Posted to issues@spark.apache.org by "Sunil Rangwani (JIRA)" <ji...@apache.org> on 2017/01/01 18:20:58 UTC

[jira] [Commented] (SPARK-17463) Serialization of accumulators in heartbeats is not thread-safe

    [ https://issues.apache.org/jira/browse/SPARK-17463?page=com.atlassian.jira.plugin.system.issuetabpanels:comment-tabpanel&focusedCommentId=15791469#comment-15791469 ] 

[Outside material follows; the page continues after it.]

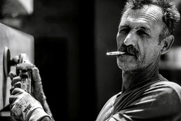 Portresini çekmeyi en sevdiğim kişi Aydemir'di. Nazik enerjisini ve röportajımıza verdiği düşünceli cevaplarını çok beğendim. O, Eskişehirli bir alçı ve kaynak ustası ama kendisi de başlı başına bir sanatçıymış; boş vakitlerinde karakalem çalıştığından kitap için söyleşi yapılana kadar haberimiz bile yoktu. Bir de ince işler formeni Eşref'i fotoğraflamaktan gerçekten keyif aldım. Estetik açıdan, resimlerinin kesinlikle kitaptaki favorilerim olduğunu söyleyebilirim. Fotoğrafları baskıdan çıktıktan sonra görmek gerçekten etkileyiciydi - işte o an yaptığımız kitap ve proje için inanılmaz heyecanlandım. Portreler, şimdiye kadar çektiğim en sevdiğim resimler arasında yerlerini aldı.

Sunil Rangwani commented on SPARK-17463:
----------------------------------------

Hi [~zsxwing]

Below is how I am using the Collection accumulator. 

{code}
// val spark: SparkSession
// val dataFrame: DataFrame
val updatedRecordKeysAcc = spark.sparkContext.collectionAccumulator[String]

dataFrame.toJSON.foreach(processRecord(_, updatedRecordKeysAcc))

import collection.JavaConverters._
val updatedRecordKeys: String = updatedRecordKeysAcc.value.asScala.mkString("\n")
// write `updatedRecordKeys` to an S3 file using aws-sdk... 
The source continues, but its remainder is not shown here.